Sezon na wandalizm można uznać za otwarty

615
Imprezka z tańcami o godz. 1.00 w nocy na Syrenie. Cóż, dyskoteki pozamykane. fot. MOSRiW

ŻARY | Obiekt sportowy „Syrena” jest bardzo popularny. Gromadzi tłumy, ale niekoniecznie amatorów uprawiania sportu.

Akcja „Zostań w domu” to już przeszłość. A co można robić poza domem? Wiele ciekawych rzeczy. Jednak niektórzy upodobali sobie chyba śmiecenie i rozwalanie wszystkiego, co się pod rękę, albo nogę nawinie.

Praktycznie po każdym weekendzie pracownicy Miejskiego Ośrodka Sportu, Rekreacji i Wypoczynku mają pełne ręce roboty. Nie chodzi tylko o walające się butelki i śmieci. Nie chodzi też wyłącznie o samą Syrenę. Podobne rzeczy dzieją się w innych miejscach, którymi opiekuje się MOSRiW.
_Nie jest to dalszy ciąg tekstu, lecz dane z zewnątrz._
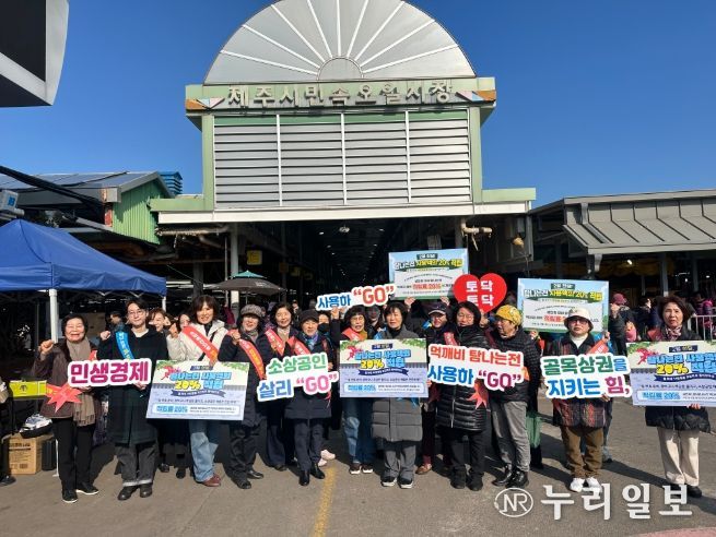 (누리일보) 제주특별자치도는 설 명절을 앞두고 지역 상권 소비 활성화를 위해 12일 오전 제주시 민속오일장에서 ‘소비촉진 캠페인’을 전개했다고 밝혔다.
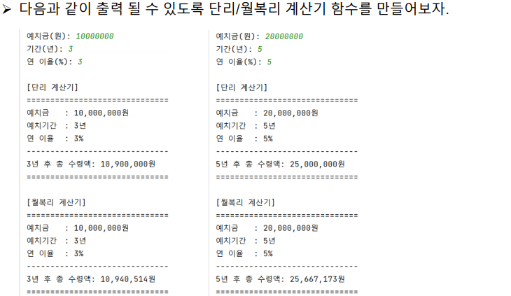 print('[단리 계산기]')

– Płoty wokół placu zabaw przy ul. Zwycięzców wyłamywane są regularnie, na Syrenie brakuje krzesełek, a nasi pracownicy na kolanach muszą wybierać szkło potłuczone na boiskach – wylicza Bogdan Kępiński, zastępca dyrektora MOSRiW w Żarach. – Pierwsze wycieczki na Syrenę zaczęły się wraz z łagodzeniem obostrzeń związanych z koronawirusem.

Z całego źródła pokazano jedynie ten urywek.